The first version of De Quincey’s Confessions of an English Opium Eater appeared anonymously in the London Magazine in the autumn of 1821. Don’t think it is simply an account of hallucinations and visions. It also marks his early years in Manchester in detail. One of the best accounts, which was only fully realised in a later edition, takes him to the Portico Library, one of Manchester’s greatest institutions. In the original Confessions he writes: “On some other matters I can agree with the gentlemen in the cotton-trade at Manchester in affecting the Stoic philosophy.” But at the words “cotton-trade” De Quincey later added a footnote:

“A handsome news-room, of which I was very politely made free in passing through Manchester by several gentlemen of that place, is called, I think, The Porch (sic): whence I who am a stranger in Manchester inferred that the subscribers meant to profess themselves followers of Zeno. But I have been since assured that this is a mistake.”
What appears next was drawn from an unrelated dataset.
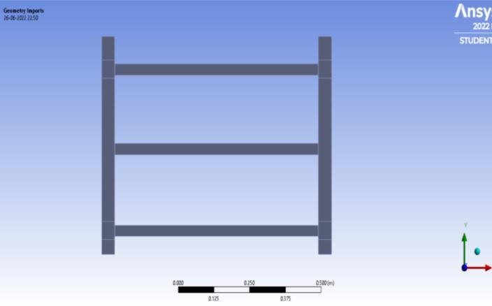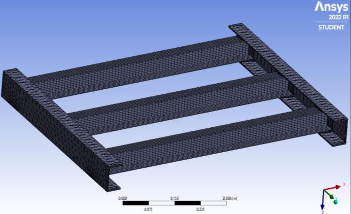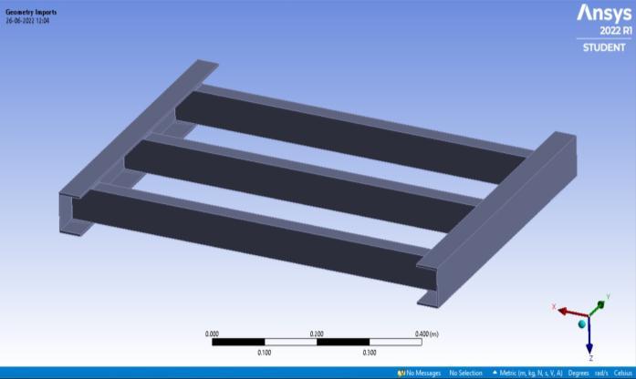 TheanalysisisdoneusingAnsysWorkbench2022R1.For themosteaseandsimplicityforanefficientanalysis,from variousreferencejournalsandpracticalinferences,thetotal loadconsiderationalongbyincludingafactorofsafetyof3 whichistheusualamountforfactorofsafetyconsideredfor steel, we came into the conclusion that 6000N is being appliedonthechassisframetotally.Fromrelevantjournals which focuses on the load cases acting upon the chassis framesshowsusthatthecross-membersofthestructures are the weakest part of the chassis were most amount of deformationduetotheapplicationsofloadoccurs.Alsofrom engineeringtheories,weknowthatifthecriticalpointonthe structure withstands the total amount of load, then it is definitethattheentirestructureasawholealsowithstands theload.Criticalpointisdefinedasthevirtualpointonany structurewhere when a loadisappliedisconcentrated at maximumdeformationisfound.Forourchassisframe,due totheabove-mentionedhighlightswecanassumethatthe criticalpointsisinthemiddlespanofthecross-members.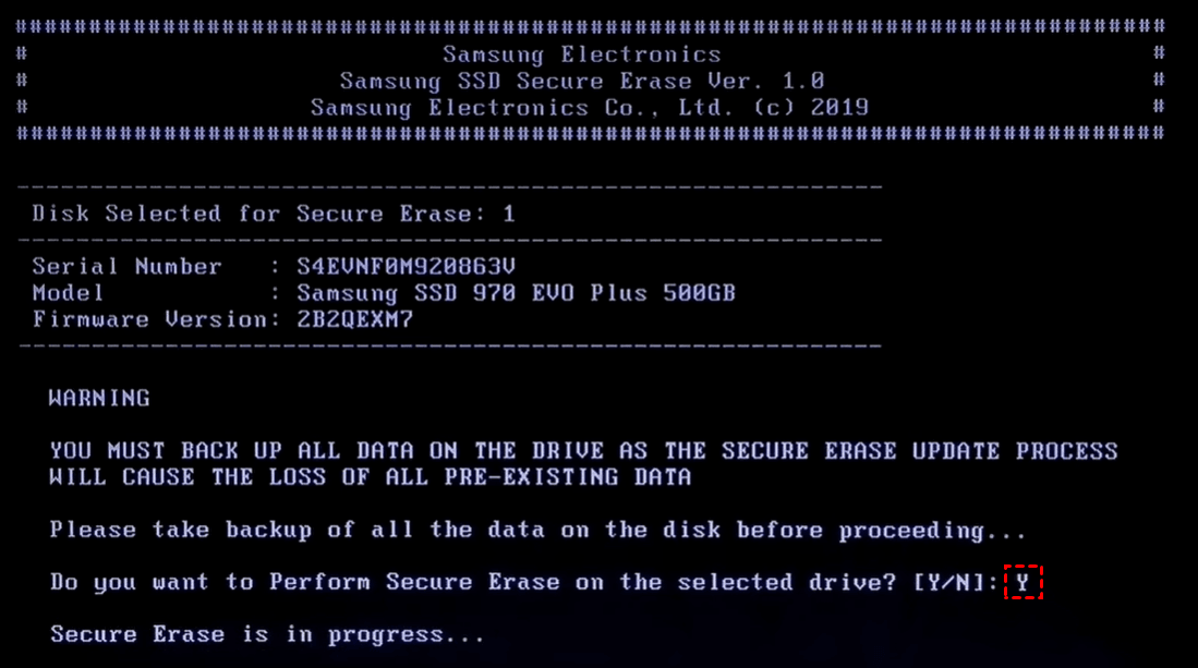 Step 8. On the WARNING page, type Y and hit Enter to begin wiping Samsung SSD.

This is tricky. Followers of Zeno were known as “Stoics” because their teacher lectured in public at the Stoa Poikile (the painted porch). The meaning of the word stoic has since changed, of course. The error involving the library’s name remained unchanged when Confessions was first published in book form in 1822. Revising and expanding the work in 1856 De Quincey tentatively corrected it, remarking that “the library is called either The Porch or The Portico, which in Greek is the Stoa”.

When we do get to the hallucinations and visions De Quincey joins his contemporary Samuel Taylor Coleridge with baroque, exotic dream-sequences. What language! What imagination!

“The sense of space, and in the end, the sense of time, were both powerfully affected. Buildings, landscapes, &c. were exhibited in proportions so vast as the bodily eye is not fitted to conceive. Space swelled, and was amplified to an extent of unutterable infinity. This, however, did not disturb me so much as the vast expansion of time; I sometimes seemed to have lived for 70 or 100 years in one night; nay, sometimes had feelings representative of a millennium passed in that time, or, however, of a duration far beyond the limits of any human experience.”

Coleridge used his indulgences to imagine the unimaginable. De Q did so to write frankly about opium addiction, something no one in England had attempted previously, as De Quincey himself knew: “I am bound to confess that I have indulged in it to an excess, not yet recorded of any other man.” He was also aware of more popular, safer drugs: “Tea, though ridiculed by those who are naturally coarse in their nervous sensibilities will always be the favourite beverage of the intellectual.”

Perhaps Thomas De Quincey’s greatest epithet, a masterpiece of irony, came in his essay Murder, Considered As one of the Fine Arts from 1827:

If once a man indulges himself in murder, very soon he comes to think little of robbing; and from robbing he comes next to drinking and Sabbath-breaking, and from that to incivility and procrastination.